**RECORDS SHOWN**
------------------------------------------------------------

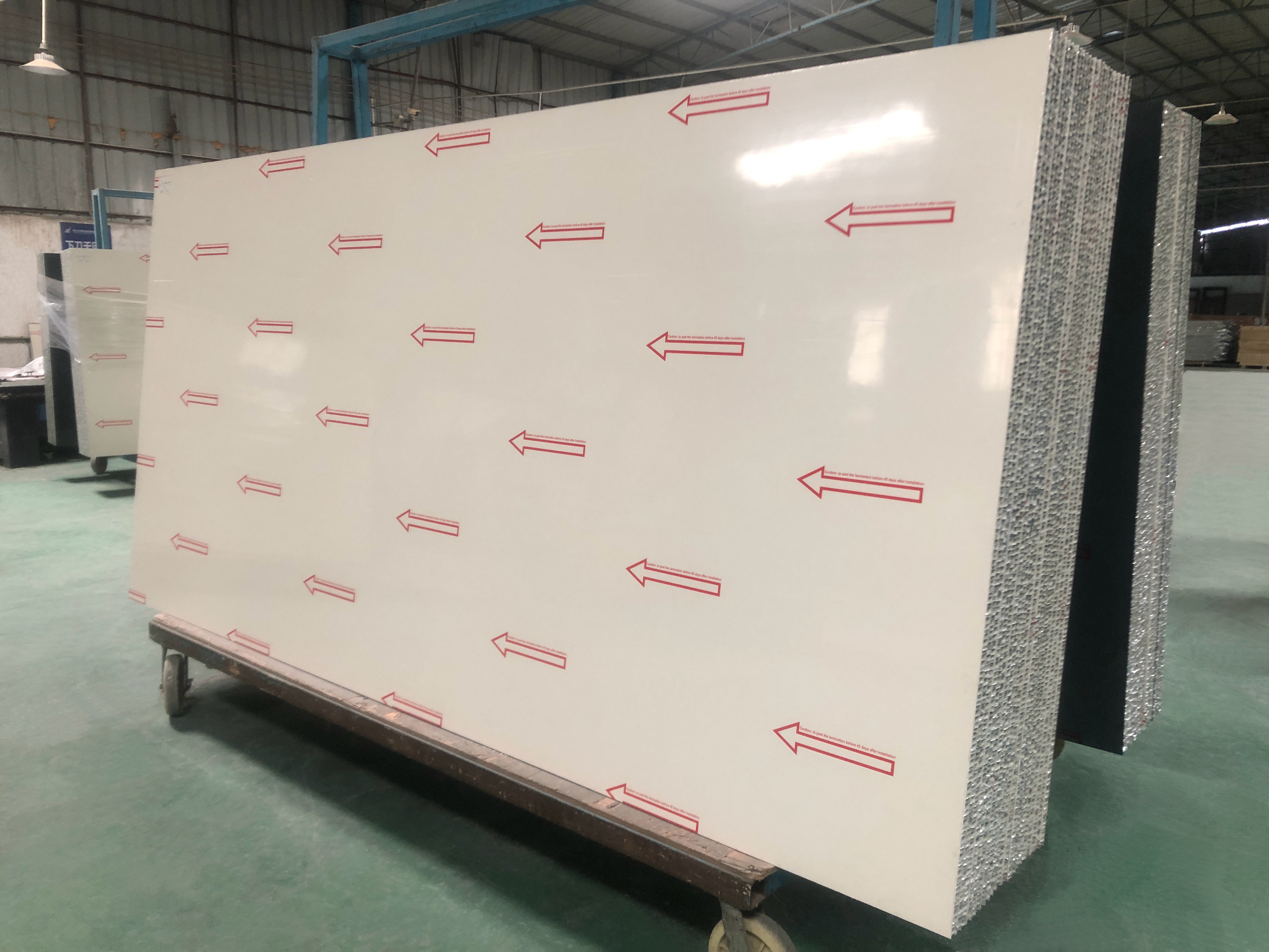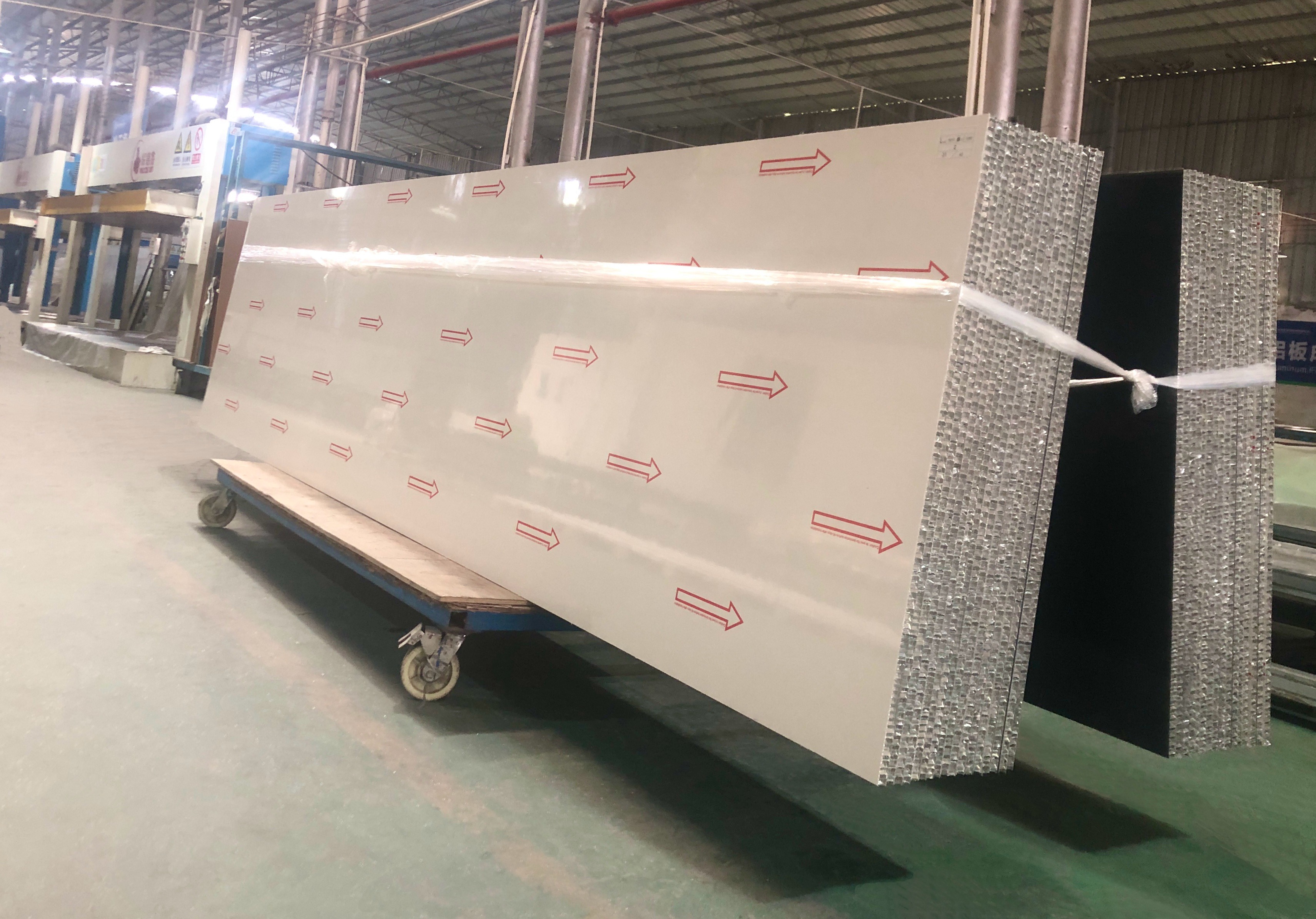 铝蜂窝板表面采用经氟碳辊涂处理的铝合金板材,中间是符合美国航空标准的铝蜂窝,本公司从法国引进生产三明冶夹心板的专用复合工艺冷压和热压技术,专业生产此类产品,使得该产品更具显著的优异特性,广泛应用于建筑幕墙及室内外装饰,更由于本公司有专业且全面的生产工艺的保障,因此,完全可以根据客户的要求和实际情况采用不同的复合工艺生产产品。
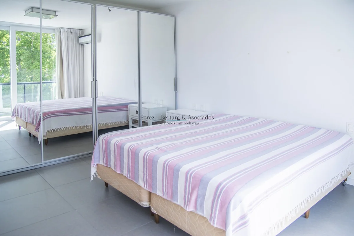 Esta casa en la Mansa, Punta del Este, ofrece una experiencia de alojamiento amplia y lujosa a tan solo 400 metros del mar. Con 5 dormitorios y 5 baños, todos en suite, la propiedad tiene capacidad para alojar a 10 personas con un total de 5 camas, proporcionando un espacio espacioso y cómodo, con una cocina de tipo americana que está equipada con anafe, microondas, lavavajilla, heladera con freezer y horno. El área de living comedor brinda un espacio abierto y acogedor para la convivencia teniendo en cuenta que incluye aire acondicionado y TV,
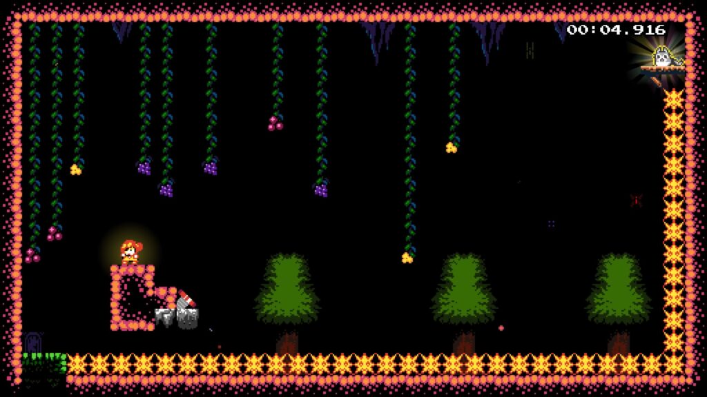 Dito isso, vamos lá. O jogo é um platformer de precisão, mas também dá pra pensar nele como puzzle em algumas instâncias. Você obviamente pode pular e usar uma espécie de dash em oito direções, com esse dash recarregando toda vez que você está em uma plataforma/chão. Saber como, e quando utilizar esse dash, é essencial para passar das 100 fases que compõem a campanha principal do jogo.
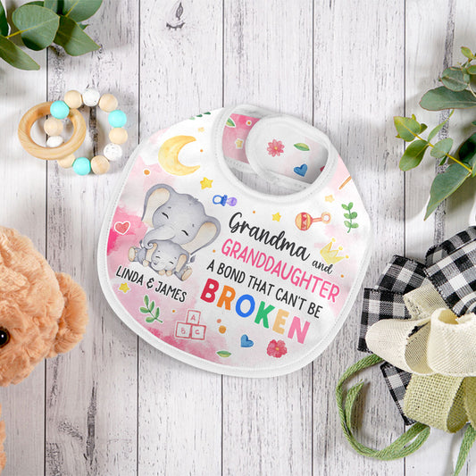 Grandma And Grandkid A Bond That Can't Be Broken - Personalized Baby Bib
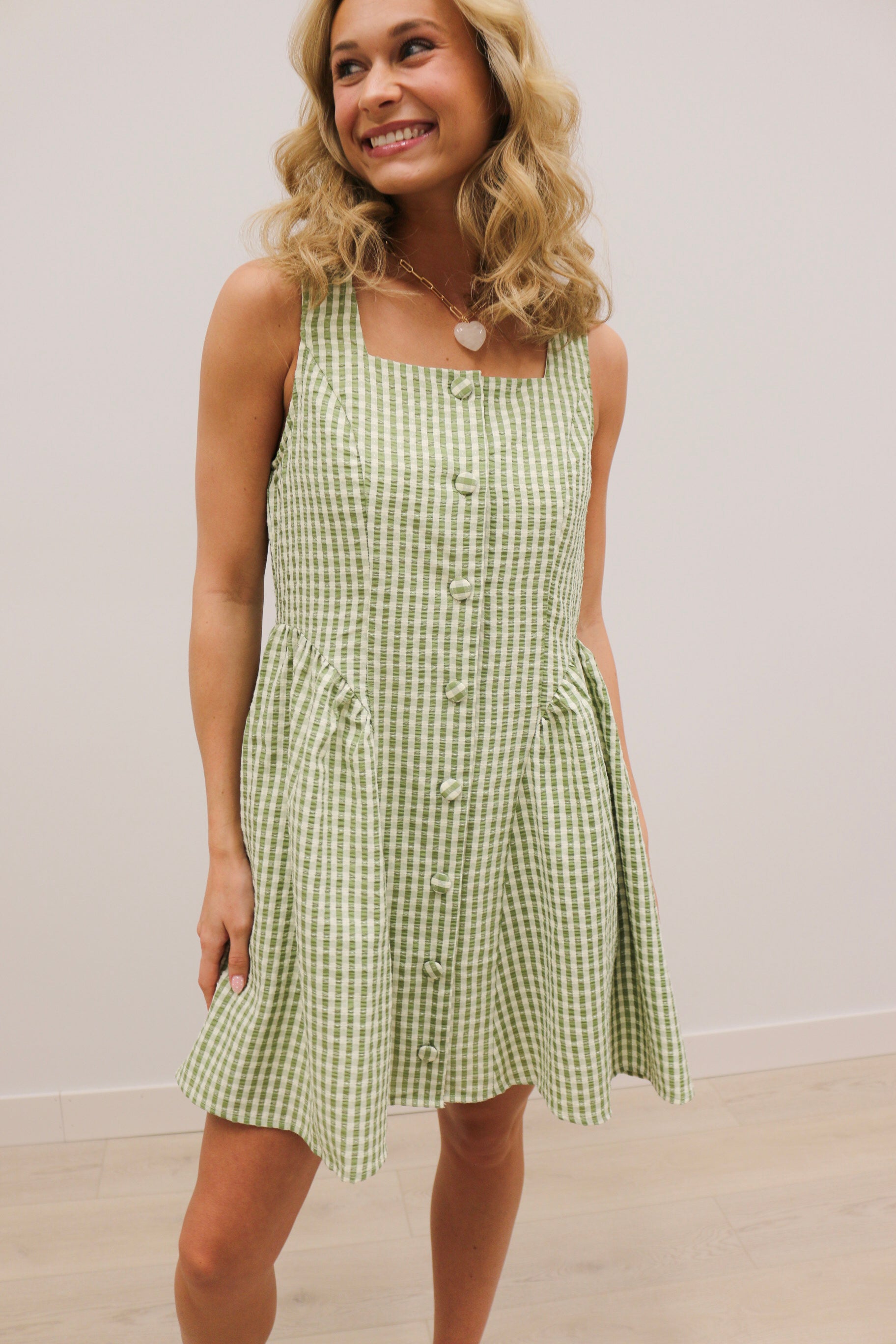 Sydney Button Front Gingham Print Sleeveless Mini Dress - Matcha Green
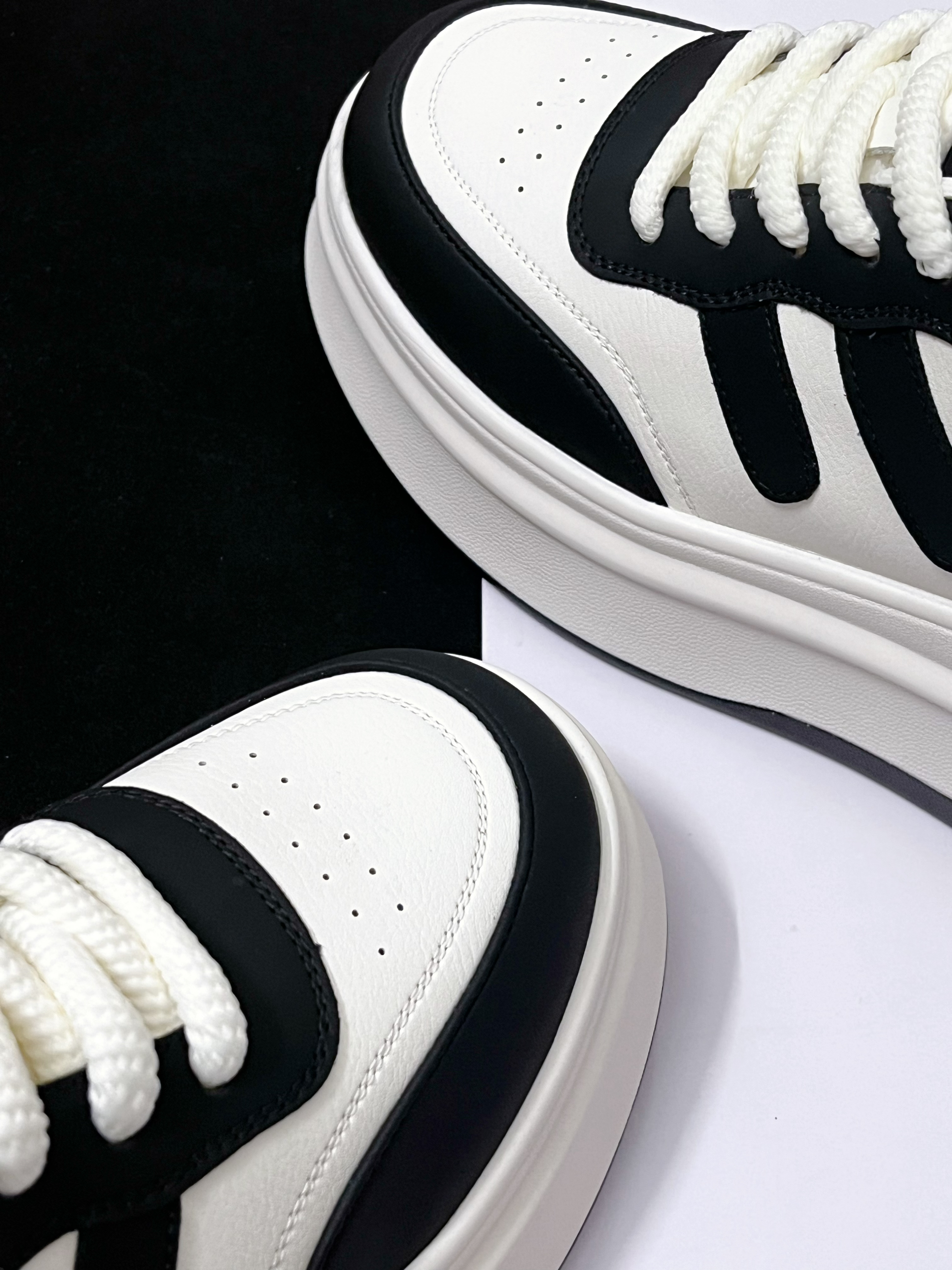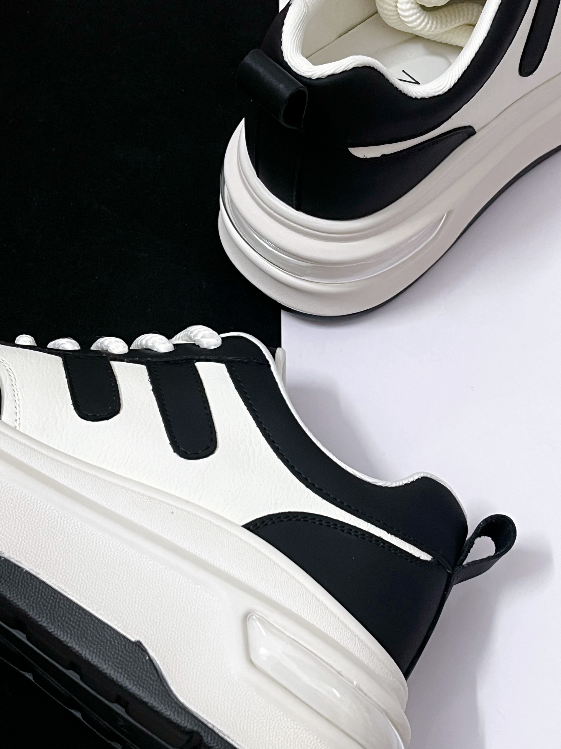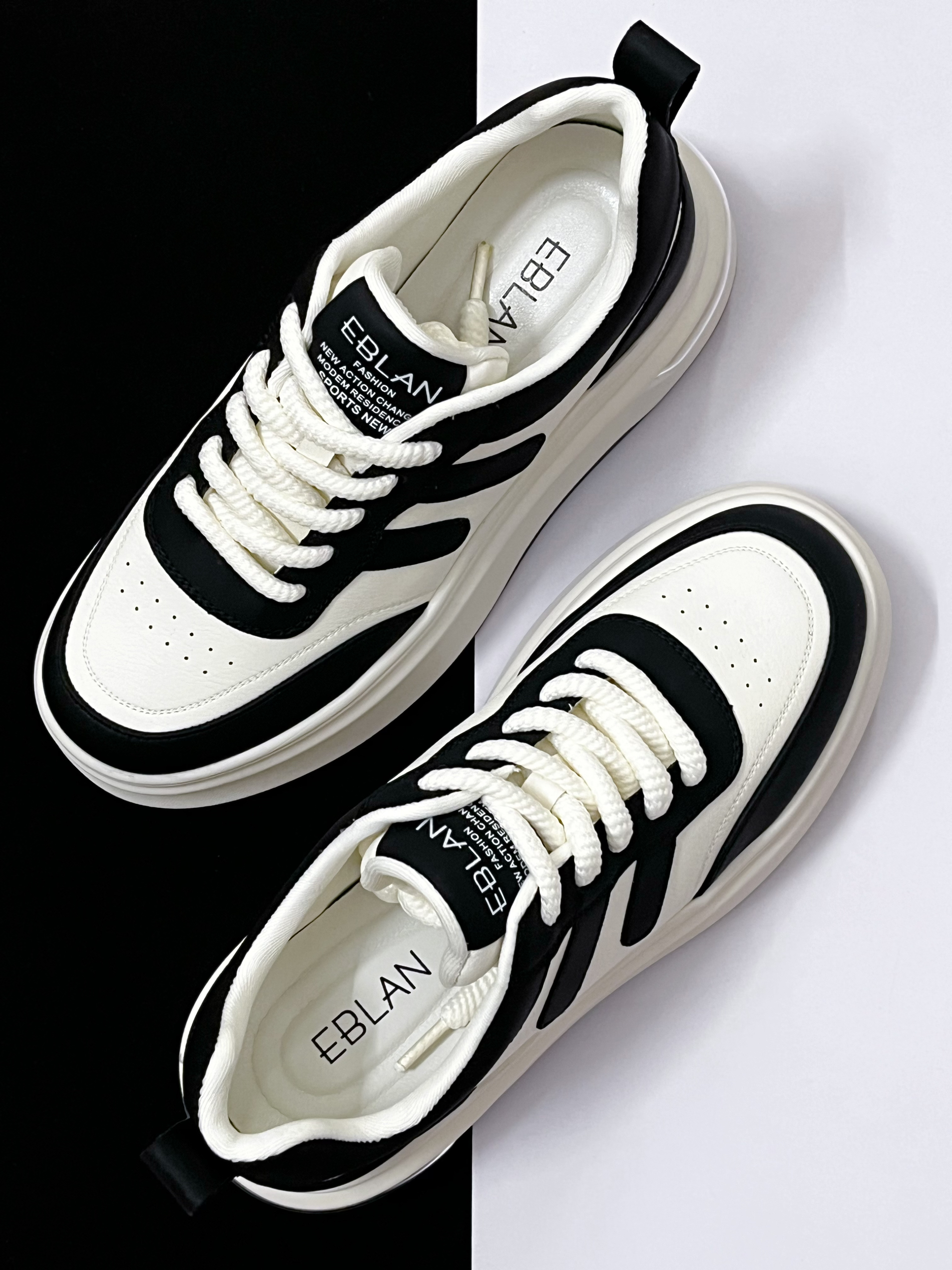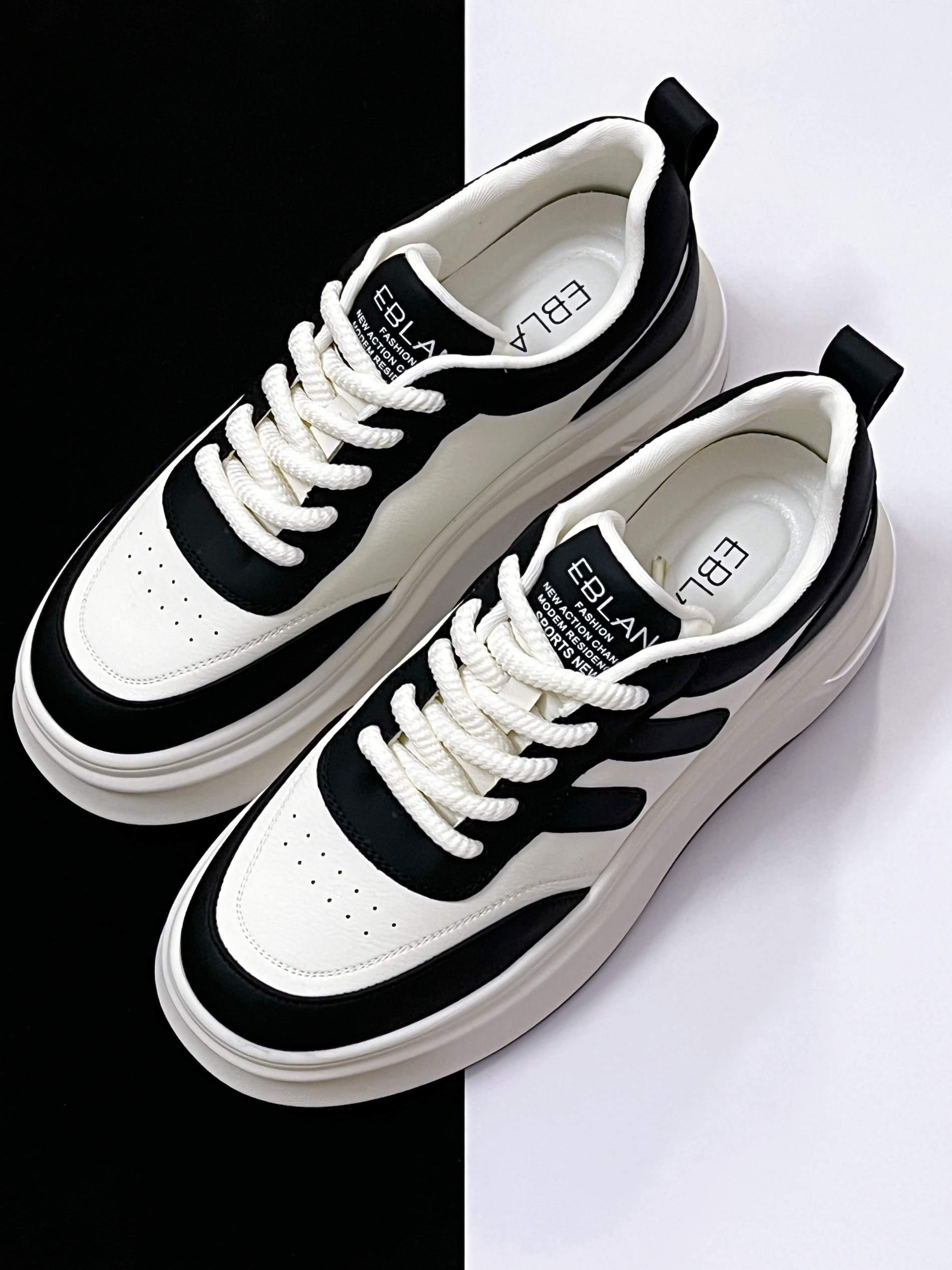 ☀️在春天鞋款的选择上,个人觉得可以尝试一下简约风格的休闲鞋,比如这款EBLAN黑白厚底休闲鞋,百搭的黑白搭配,搭配厚底的设计,上脚效果很百搭显气质。 ☀️皮革鞋面摸起来的整体质感蛮柔软的,穿起来不会磨脚。穿搭方面搭配长筒裤或者牛仔裤都很合适,码数方面是不偏码的,正常尺码选择即可。

------------------------------------------------------------

**AIM OF THE TASK**
Retype exactly, please, the span from the line holding "Sydney Button Front" through the closing line of the data, both ends included, without the pictures.

**EXPECTED ANSWER**
 Sydney Button Front Gingham Print Sleeveless Mini Dress - Matcha Green
 ☀️在春天鞋款的选择上,个人觉得可以尝试一下简约风格的休闲鞋,比如这款EBLAN黑白厚底休闲鞋,百搭的黑白搭配,搭配厚底的设计,上脚效果很百搭显气质。 ☀️皮革鞋面摸起来的整体质感蛮柔软的,穿起来不会磨脚。穿搭方面搭配长筒裤或者牛仔裤都很合适,码数方面是不偏码的,正常尺码选择即可。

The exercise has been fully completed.